Investing in the Global Economy
ByLook around at the electronics, appliances and other items you use every day. Some of the biggest companies in the world operate both in and out of the U.S. stock market and represent a large portion of the global economy. An increasing interdependency of the world’s financial systems has presented more opportunities for investors. There may be benefits to consider when looking at international investment opportunities. My strategy for portfolios is typically to include a percentage of international funds, mostly in developed countries, but occasionally a smattering in emerging markets.
Diversification Benefits
By diversifying a portion of a portfolio into international investments, investors take advantage of different economic and stock market cycles worldwide. Instead of avoiding economic risk, you can diversify it across many economies, such as those benefiting from economic reforms where the price of natural resources and the growth of consumer markets are making them viable options. Of course, with the global recession, all stock markets around the world posted losses in 2008.1 But markets in Morocco, Israel, Switzerland and Japan posted the best returns, leaving the U.S. to place fifth out of 46 markets.
Greater Potential for Return
Some of the world’s economies are growing at a faster rate than the U.S. economy.2 For example, the real growth rate of India’s Gross Domestic Product (GDP) was an estimated 6.6% in 2008, while the real growth rate of Morocco’s GDP was 5.9%. Compared to the 1.3% annual growth rate for the United States in 20083, investing in these emerging markets may look appealing. We select international investments that balance the potential return with the risks.
Investment Choices
Investing internationally can include individual stocks trading in American depositary receipts (ADRs), international mutual funds, international closed-end funds, or regional or single country exchange-traded funds. Our investment strategies are based on meeting your long-term goals. When we select international investments, we consider the following risks:
Market Risk: Stock markets of many emerging economies are not subject to the same accounting standards or regulatory oversight as the U.S. That lack of oversight can make it difficult to accurately value a publicly traded company.

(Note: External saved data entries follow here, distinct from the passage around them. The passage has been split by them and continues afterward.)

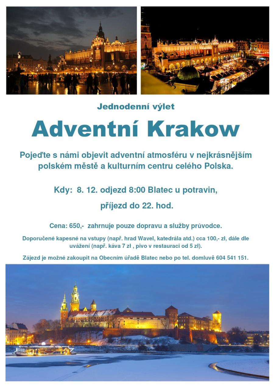 V předstihu informujeme o nabídce zájezdu do polského Krakowa, který pořádá SRPŠ při ZŠ a MŠ Blatec. Zájezd se uskuteční v sobotu 8. prosince 2018. Podrobnosti najdete ZDE.
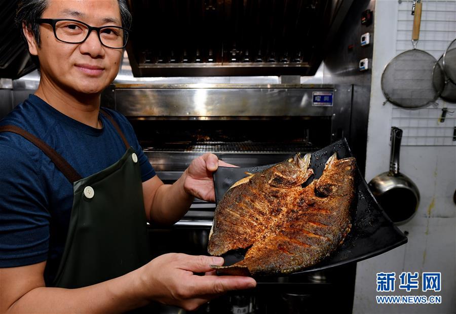 台北市“一品言”餐馆老板兼大厨刘添吉在展示烤鱼(4月24日摄)。 新华社记者 张国俊 摄
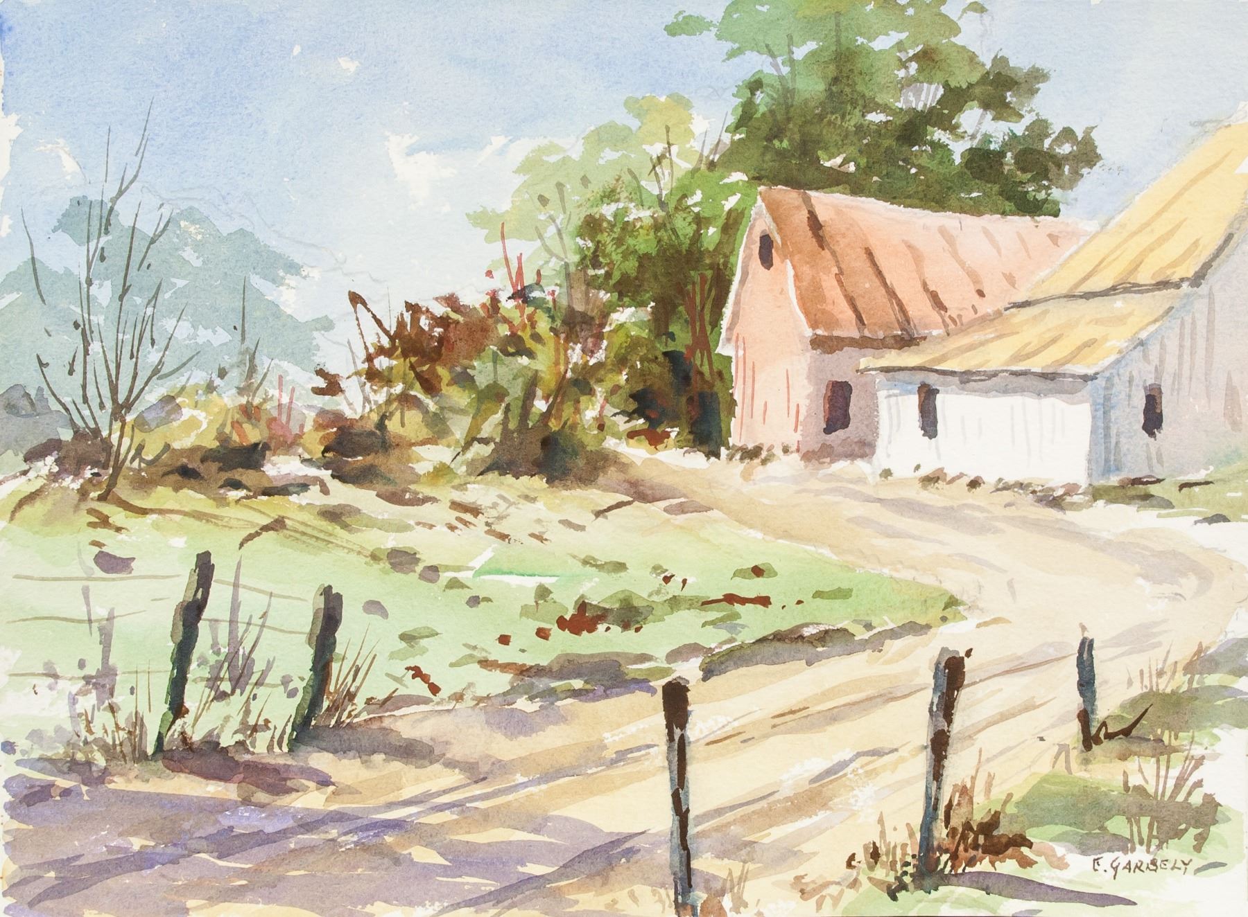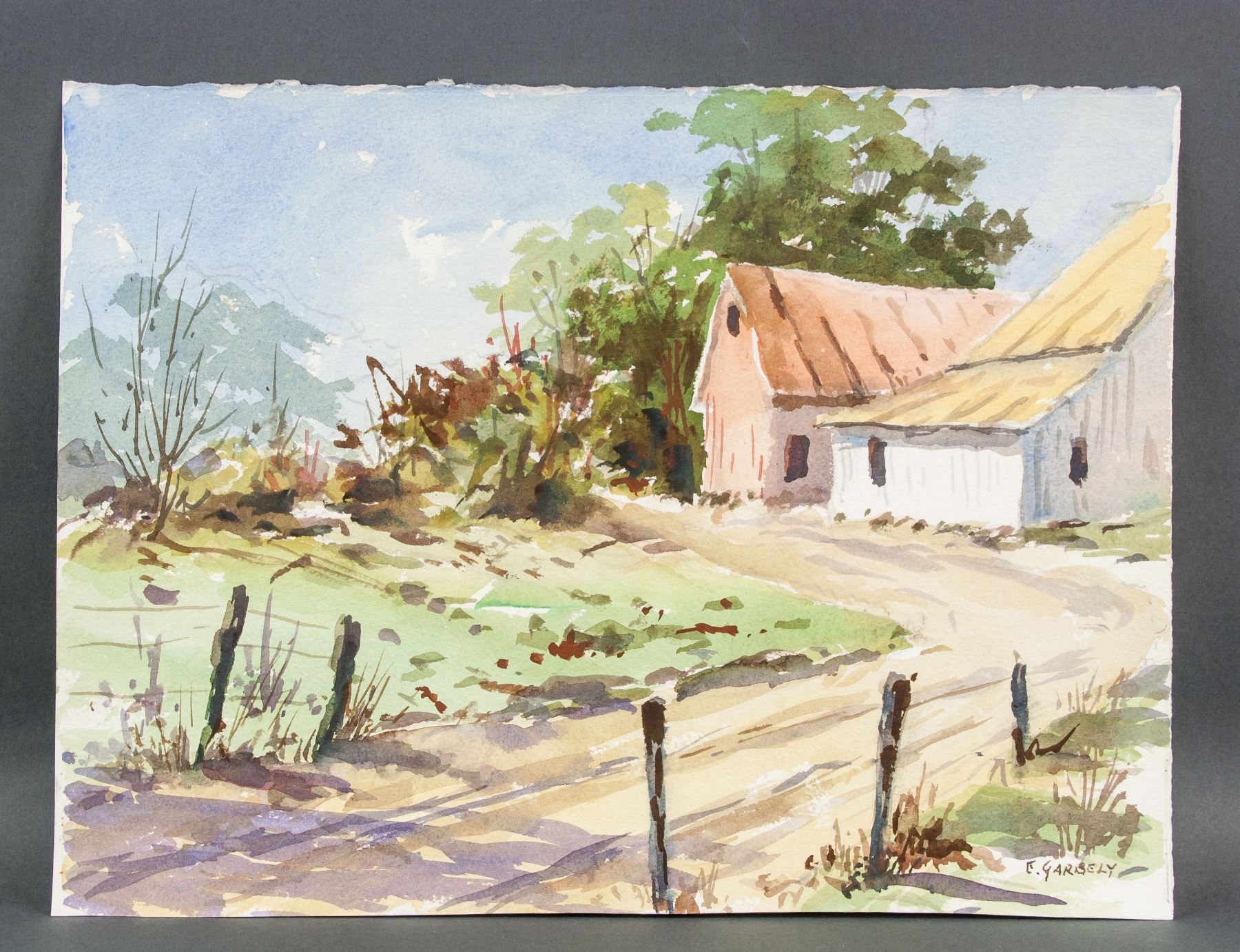 Watercolor on paper, featuring landscape painting, signed E. Garbely (1908-1999, American) on the lower right corner, 11.25 x 15 inches (28.6 x 38.1 inches). PROVENANCE: Private American collection (Ohio, United States)
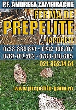 Vand prepelite si pui de prepelita la diferite varste, preturi rezonabile: pui de prepelita la 3 sapt. - 4 lei/buc; pui de prepelita la 4 sapt.-6 lei/buc pui de prepelita la 5 sapt.-8 lei/buc;pui de prepelita la 6-7 sapt.-10 lei/buc.,oua de prepelita pentru consum, tratament naturist si incubatie, 0.3 lei/buc,carne de prepelita la caserola 30 lei/kg, baterii profesionale pentru cresterea prepelitelor outoare, vand ingrasamant natural de prepelita ( dejectii de prepelita).
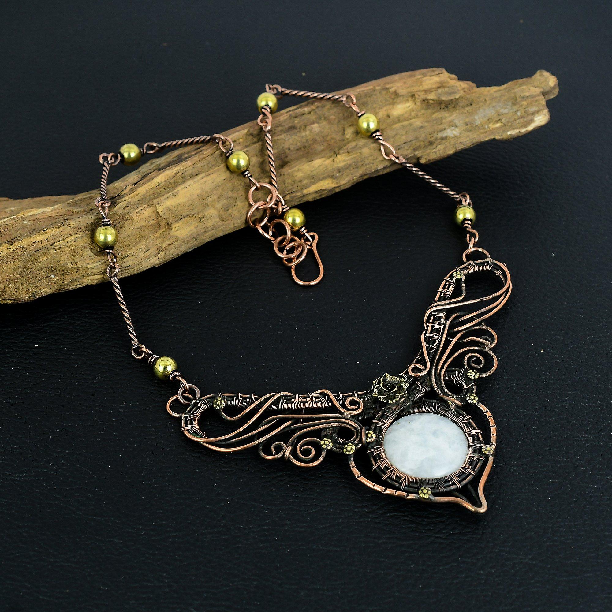 Ожерелье из радужного лунного камня, ювелирное изделие с драгоценным камнем, ожерелье с обмоткой из медной проволоки 999 пробы, регулируемое, ручной работы, красивая ювелирная цепочка-ожерелье
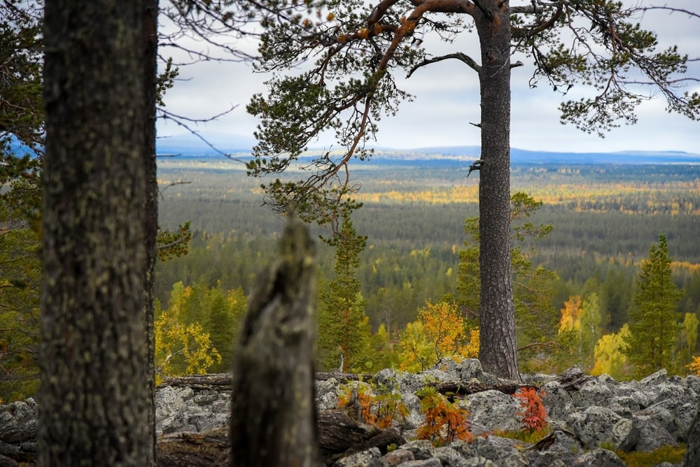 Kaarestunturi on kiinnostanut minua enemmän kuin mikään muu kohde näillä main. Se on harvojen tuntema, ei näy juuri minnekään, sinne ei ole tieviittoja eikä sinne koskaan aja sattumalta. Kaares on suuri ja monilakinen tunturialue, jonne poiketaan ensin pitkän matkaa nelostieltä ja viimeiseksi ajetaan vielä osuus santatietä tunturin helmojen metsiin. Ehkä juuri kohteen suuruuden ja salaperäisyyden vuoksi olin koko kesän ajan lykännyt siihen tutustumista. Olin aivan turhaan pelännyt, että tunturille johtava tie on huonokuntoinen – se oli aivan erinomaisessa kunnossa puusiltoineen kaikkineen.
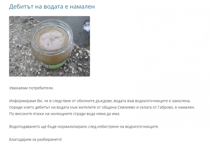 По същия начин е и друга публикация, която казва, че на една от севлиевските улици "днес няма да има вода". Кога е "днес" обаче, отново не става ясно.
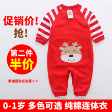 中国风婴儿连体衣春秋加厚夹棉新生儿保暖哈衣红色满月服宝宝唐装
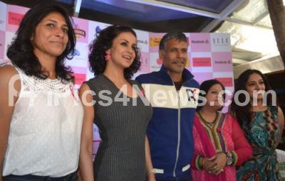 Photo Caption : Milind Soman and Gul Panag with Reeth Abraham and Maya Chakravarthy flagged off the 2nd Edition of Pinkathon, Indias only 10km Womens Run, at Hotel Olive Beach, in Bangalore on Tuesday 14th January 2014
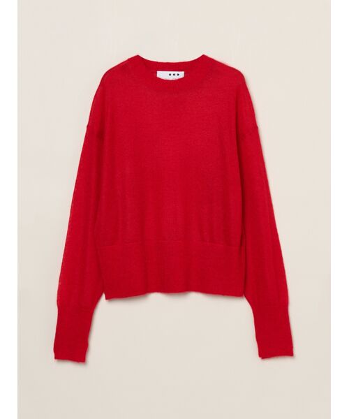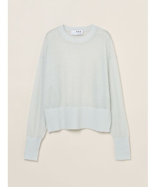 繊細なキッドモヘヤを使用したシアーニットプルオーバー。ほのかに透けるのでグラフィックTシャツにオンするのもおすすめ。非常に軽く、ショール感覚で肩掛けも可能です。ルーズ過ぎず、タイト過ぎないややゆとりのあるサイズ感で何にでも合わせやすく着用しやすいデザインです。
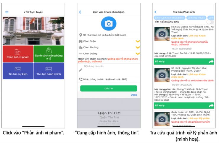 Mới đây, ngày 03/03/2020, Giám đốc Sở Y tế TPHCM đã chính thức ban hành “Quy trình phản ứng nhanhtrong tiếp nhận thông tin phản ánh và xử lý các hành vi vi phạm pháp luật liên quan đến hành nghề trong lĩnh vực y tế”, công cụ sử dụng chính của quy trình này chính là ứng dụng “Y tế trực tuyến”.
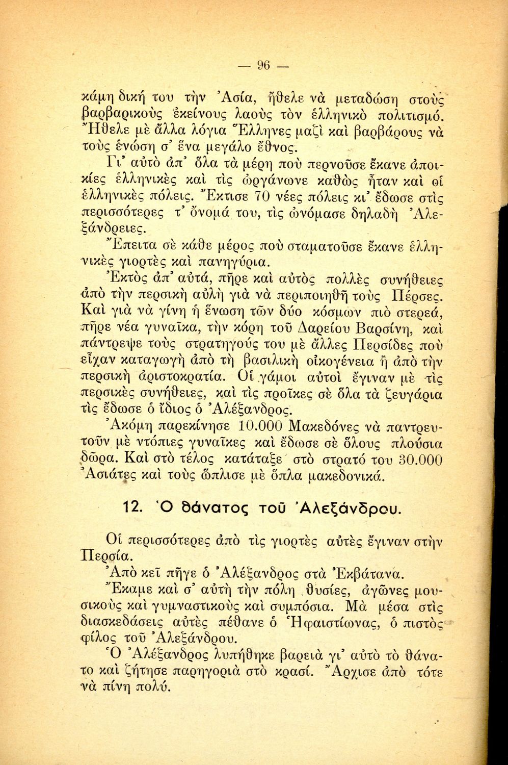 Βαθμίδα εκπαίδευσης: Πρωτοβάθμια Τάξη: Δ' Δημοτικού Μάθημα: Ιστορία Γλώσσα: Δημοτική με στοιχεία καθαρεύουσας Παρουσίαση περιεχομένου: Σχολικό εγχειρίδιο Ιστορίας. Δ' Δημοτικού που καλύπτει την περίοδο από την κάθοδο των Δωριέων ως την κατάληψη της Ελλάδας από τους Ρωμαίους. |

Political Risk: Civil or political unrest can affect the relative attractiveness of a country’s investment market. Even developed markets can undergo economic shifts due to international conflicts, sanctions, and more.
Currency Risk: The returns of an international security can be affected by swings in currency exchange rates. It’s important that the value of the U.S. dollar will convert favorably when trades are made.
Diversification and growth opportunities can be found in international emerging and developed markets.